Source material:
= = =

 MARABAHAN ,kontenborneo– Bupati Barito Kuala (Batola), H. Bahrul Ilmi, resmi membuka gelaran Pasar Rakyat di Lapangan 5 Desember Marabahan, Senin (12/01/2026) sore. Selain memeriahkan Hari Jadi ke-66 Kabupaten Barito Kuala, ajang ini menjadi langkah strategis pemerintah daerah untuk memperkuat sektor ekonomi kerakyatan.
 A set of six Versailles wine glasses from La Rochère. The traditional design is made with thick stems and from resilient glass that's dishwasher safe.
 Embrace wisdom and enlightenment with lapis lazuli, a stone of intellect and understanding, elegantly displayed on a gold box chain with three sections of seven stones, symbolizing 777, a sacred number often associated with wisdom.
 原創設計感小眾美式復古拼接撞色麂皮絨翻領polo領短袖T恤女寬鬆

= = =

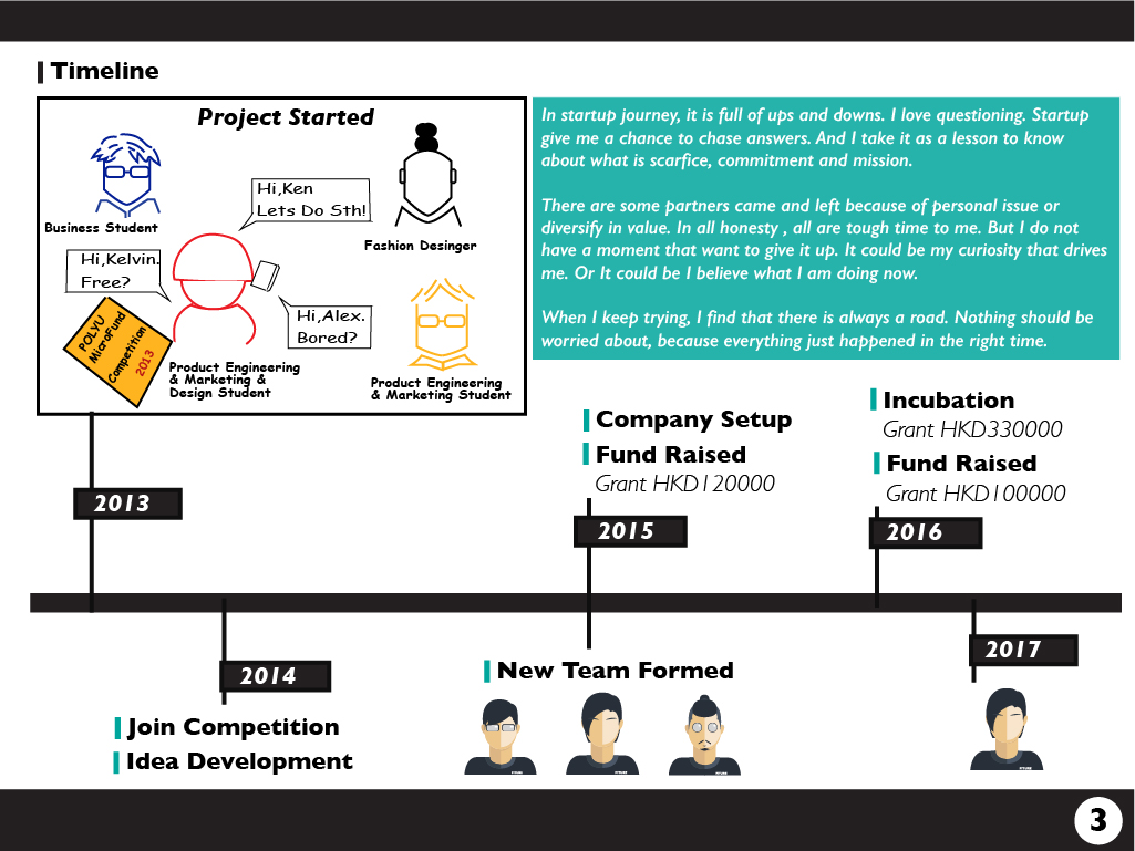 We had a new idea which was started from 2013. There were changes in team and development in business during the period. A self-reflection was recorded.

= = =

Task objective: Out of the records above, pull the lines that include the word "with".

Solution for this task:
 A set of six Versailles wine glasses from La Rochère. The traditional design is made with thick stems and from resilient glass that's dishwasher safe.
 Embrace wisdom and enlightenment with lapis lazuli, a stone of intellect and understanding, elegantly displayed on a gold box chain with three sections of seven stones, symbolizing 777, a sacred number often associated with wisdom.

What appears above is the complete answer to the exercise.